30.04.2018

Schwierige Situationen meistern

Denkanstöße zur Arbeitsvermittlung junger Menschen

KREIS GROSS-GERAU – „Wie finde ich im Beratungsgespräch Zugang zu jungen Menschen, die sich einer Zusammenarbeit bei der Suche nach einem Ausbildungs- oder Arbeitsplatz gänzlich verschließen? Und wie gehe ich mit jungen Erwachsenen um, die sozial auffällig oder gar kriminell gefährdet sind?" Mit diesen und ähnlichen Fragen werden die Mitarbeiterinnen und Mitarbeiter des Kommunalen Jobcenters Kreis Groß-Gerau konfrontiert, die die Zielgruppe der unter 25-jährigen betreuen. Die Integrationsfachkräfte erleben in ihrem Berufsalltag häufiger Situationen, die die Frage aufwerfen: „Was geht vor in diesem Kopf?" Durch die Verhaltensweisen mancher Jugendlicher ist die Arbeitsvermittlung nicht immer einfach.

Um solche Fragen zu klären und besser auf die Jugendlichen eingehen zu können, bot das Kommunale Jobcenter Kreis Groß-Gerau seinen Mitarbeitenden einen Workshop an. Der Sozialtrainer und Fachanwalt für Strafrecht, Dr. Christoph Schallert, gab zu dem Thema die wichtigsten Erkenntnisse aus der Hirn- und Sozialforschung weiter. Dr. Schallert, der als Dozent an der Johannes-Gutenberg-Universität in Mainz arbeitet und bereits zahlreiche Trainings mit Jugendlichen absolviert hat, weiß wovon er redet: „Auf die sozialen Grundbedürfnisse der Jugendlichen richtig zu reagieren und zu wissen, wie sie ticken, hilft einem, auch in angespannten Situationen richtig zu agieren."

Die Workshop-Teilnehmer haben wertvolle Einblicke in die Denkweise der Jugendlichen und jungen Erwachsenen erhalten und erarbeiteten Strategien, die sie nun in ihrer Beratungspraxis gezielt anwenden können.

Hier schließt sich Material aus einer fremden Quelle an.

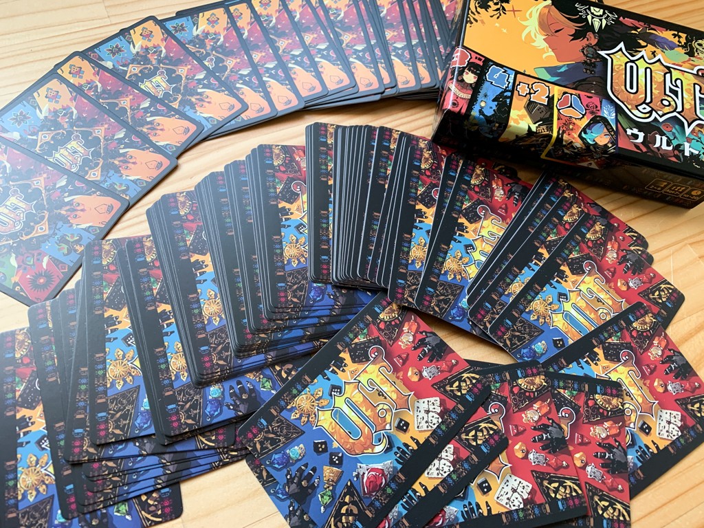 世界観とか背景的な設定もありそうな雰囲気のウルト。ゴーアウト系のボドゲらしく、パッと出してワイワイ遊べるゲームです。軽めなのにリプレイしたくなるゲームで次女はかなり気に入った模様でした。UNOそんなに遊んだことないんだけどウルトは楽しかったな。スリーブに入れて遊びたいなと思ったけど、スリーブ入れたら箱には入らないのが難点かしら。今回は2人で遊びましたが、6人まで一斉に遊べるのでもう少し人数多いと更に盛り上がりそうだな!

Der Vorstand des Kommunalen Jobcenters, Robert Hoffmann, unterstreicht die Wichtigkeit des Workshops: „Die Aufgabe, junge Menschen in Ausbildung oder Arbeit zu bringen, schließt selbstverständlich auch jene Kundinnen und Kunden ein, die Schwierigkeiten haben, sich angemessen zu verhalten. Ihre Denkweise zu verstehen und sie zu unterstützen, ein ökonomisch selbstständiges Leben in sozialer Verantwortung zu führen, stellt eine Herausforderung dar. Wir wollen unseren Auftrag bestmöglich – und das heißt qualifiziert – erfüllen."